The best praise one can offer RocknRolla is that it’s much better than Revolver, Ritchie’s previous film. But I’ve seen Scientology recruitment films that are better than Revolver, an unwatchable morass of Kabbalist hoo-ha and brain-damaged quantum physics. RocknRolla is supposed to be a return to form for Ritchie, but instead it puts him in direct competition with his younger filmmaking self. It’s nowhere near a fair fight.

Here are the good points of RocknRolla: Gerard Butler is affable enough as One Two, a criminal in the employ of criminal accountant Stella (Thandie Newton, gorgeous but shallow), and Tom Wilkinson—who should be stuffed and mounted on the sad day of his passing for future generations of humanity to appreciate—is riveting as a generic Ritchie mob boss. There is one decent scene—a botched robbery that becomes a savage battle for survival—in the entire movie, and even that has all the dramatic piss taken out of it by being told as a flashback by one of the principal players.

But we’d be here all day if I were to list every one of the film’s missteps.
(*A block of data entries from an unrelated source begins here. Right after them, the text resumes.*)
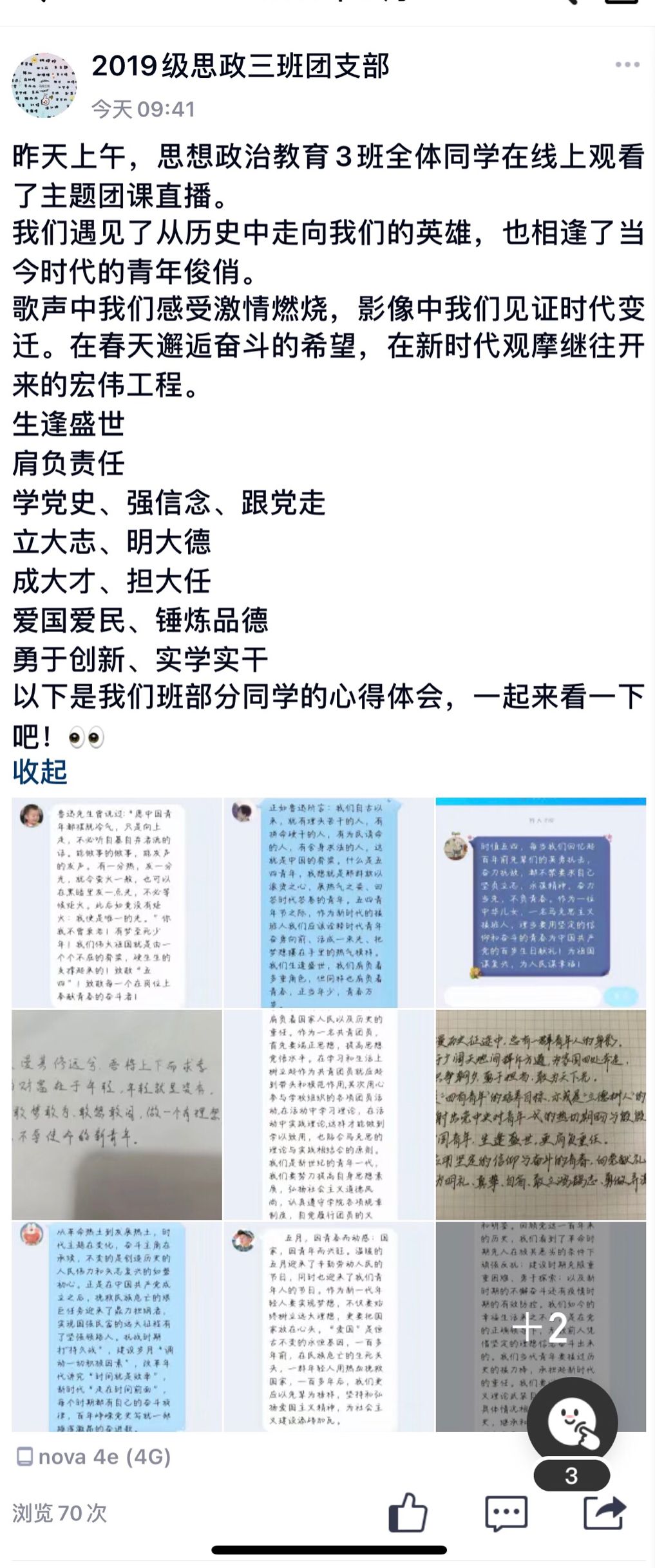 “此次云团课的内容十分丰富,有红歌、微视频、榜样语录等内容。团中央紧跟时代发展,用新颖的方式引领我们去学习青年精神。”思想政治教育专业2019级(4)班刘如意学习后表示:“生逢盛世更要肩负责任,团课教给我们的东西要能够学以致用。青年节设立的目的也是希望全国青年能够团结起来,将青春力量更坚实地投入到实现中国梦的奋斗过程中去。”
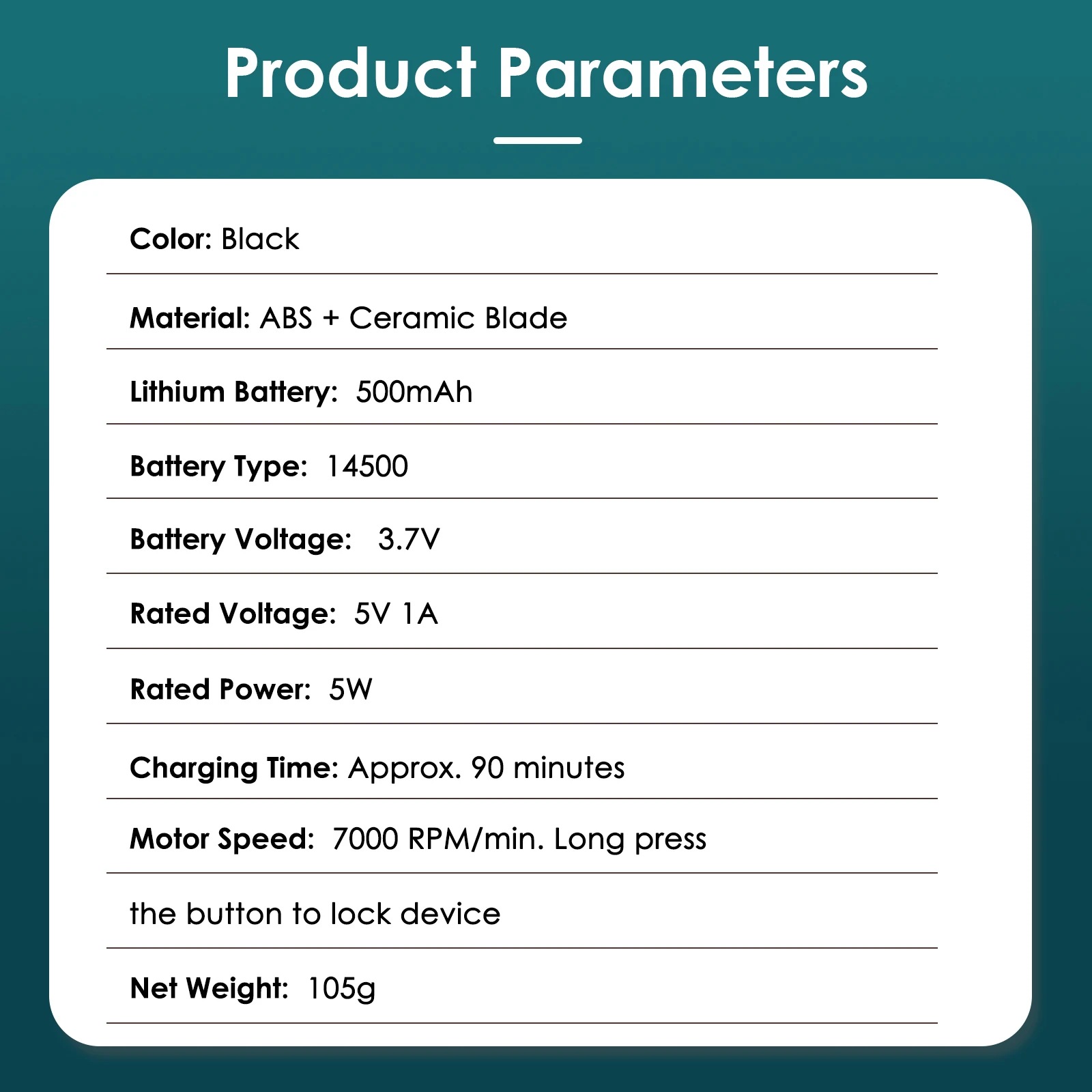 Motor Speed: 7000 RPM/min. Long press the button to lock device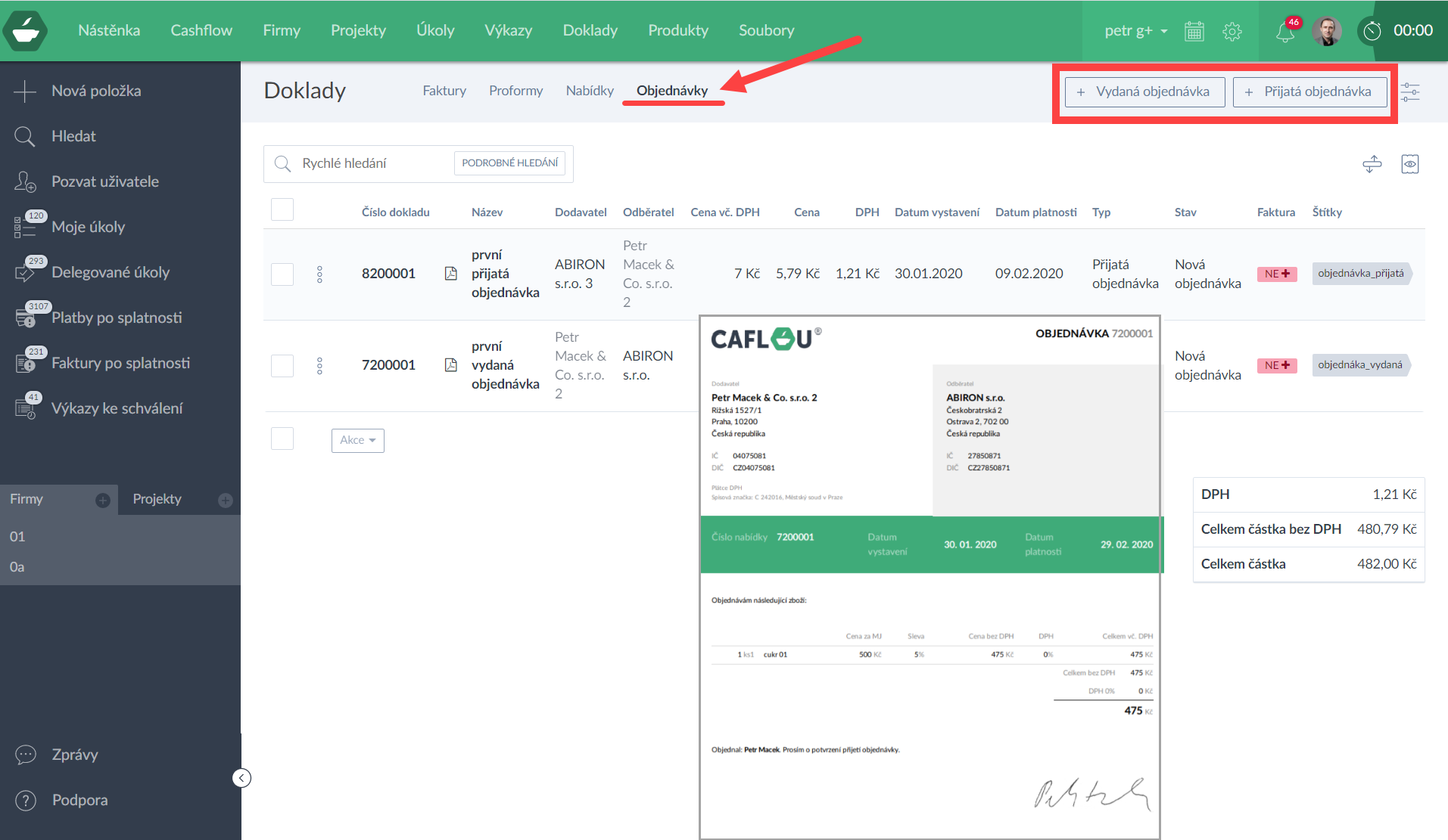 V CAFLOU nyní máme zbrusu nové objednávky - vystavujte vlastní objednávky, posílejte je přímo z CAFLOU e-mailem nebo evidujte objednávky přijaté od odběratelů.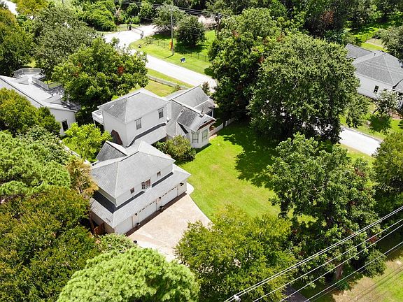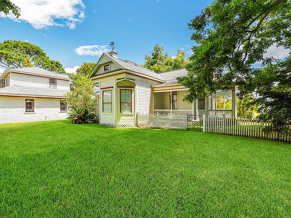 This 1.95 acre 1906 Queen Anne Victorian home with views of the bay is a history lover's dream! Listed on the National Historic Registry, it is sold furnished with it's Queen Anne period antiques. Home is 27 feet above sea level and has never flooded. The property includes the 2 bedroom 2 bath home, a 3 plus car garage with garage apartment, 1500 sq ft 4-car carriage house built in 2015 in the style of 1906, small shed and large storage shed. The structures are built on a hill and the 1.95 acres slopes down to "the flats" and a large forest. The main house has a wrap around porch with views of the bay. Some of the features of this amazing house are 2 claw foot tubs, several antique English stained glass doors, two original stained glass windows, original long leaf pine floors through most of the house, an antique kitchen island, antique chandeliers, and much more! See photos and the history and features sheet for more info. Sq. footage and room numbers don't include garage apartment.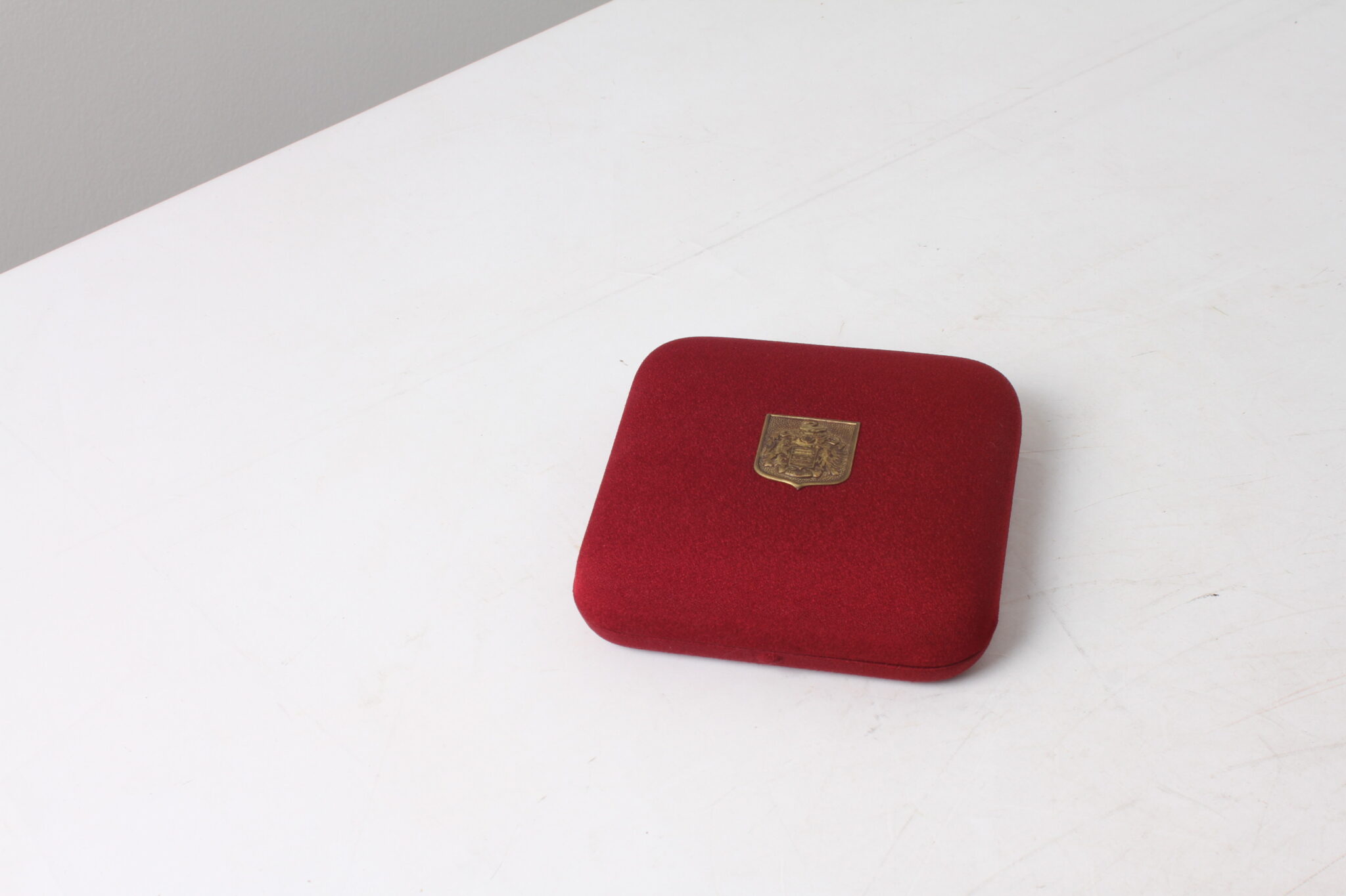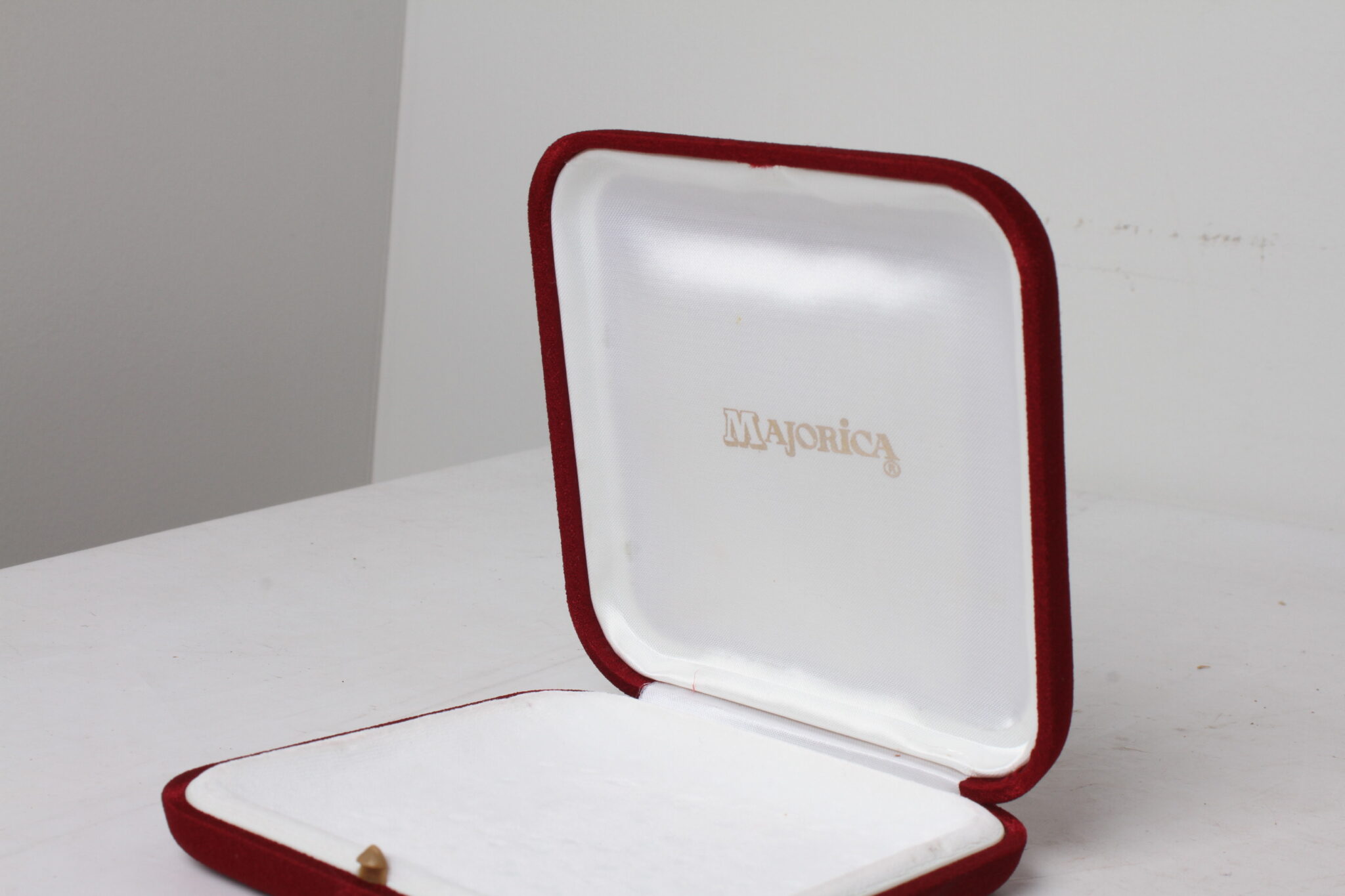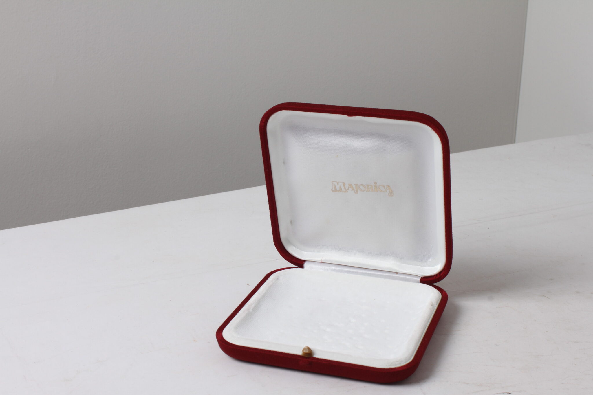 Ancienne boîte à bijoux Majorica en tissu rouge avec écusson en métal doré.
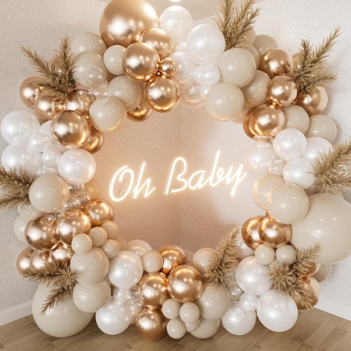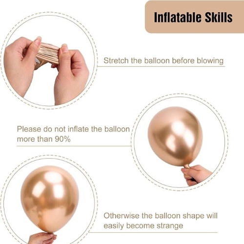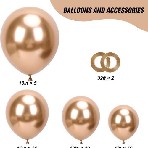 शैम्पेन बैलून आर्क में एक भव्य और पूर्ण दिखने वाली व्यवस्था बनाने के लिए पर्याप्त मात्रा में कम से कम 100-150 उच्च गुणवत्ता वाले गुब्बारे शामिल हैं। एक बार इकट्ठे होने पर, यह एक सुंदर और वायुमंडलीय पार्टी सेटिंग बनाता है। आप नीचे फोटो से देख सकते हैं.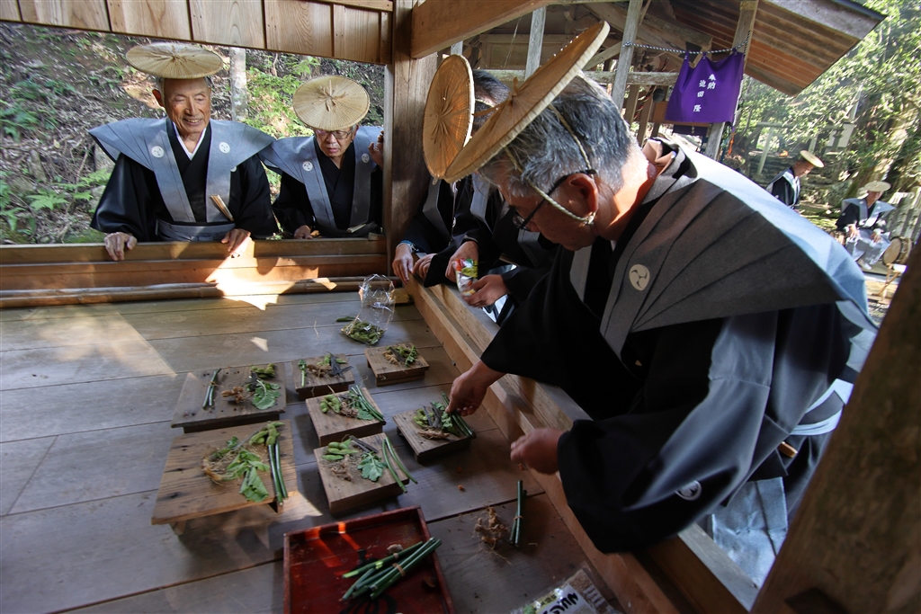 宮座たちが七つのお供え物を丁寧に供える

Suffice it to say there’s no tension, the characters are generic, and Ritchie’s trademark tangle of characters and plots doesn’t make any sense. Why would a Russian crime boss loan his very special lucky painting to Wilkinson’s inept gangster in the first place? The plot is unclear on the matter, and so when everyone heads out in pursuit of the inexplicably stolen painting, the stakes couldn’t be any lower.

The biggest travesty of RocknRolla requires me to spoil the ending. Ready? THERE IS NO ENDING. The film actually ends with a promise that the story will continue in a sequel, called The Real RocknRolla, and Ritchie has declared these films to be a trilogy in the making. None of RocknRolla’s plots are tied together, with the exception of one major character’s death, which is presented in such an apathetic fashion that it actually cheapens the already unimpressive movie that came before. It takes real balls to announce a sequel to a movie at the end of a comeback movie, and it takes a heroic act of imagination to believe anybody besides Ritchie actually gives a shit about these characters. If the universe is a good and just place, the proposed trilogy will be aborted with the swift and decisive failure of this awful, awful movie at the box office.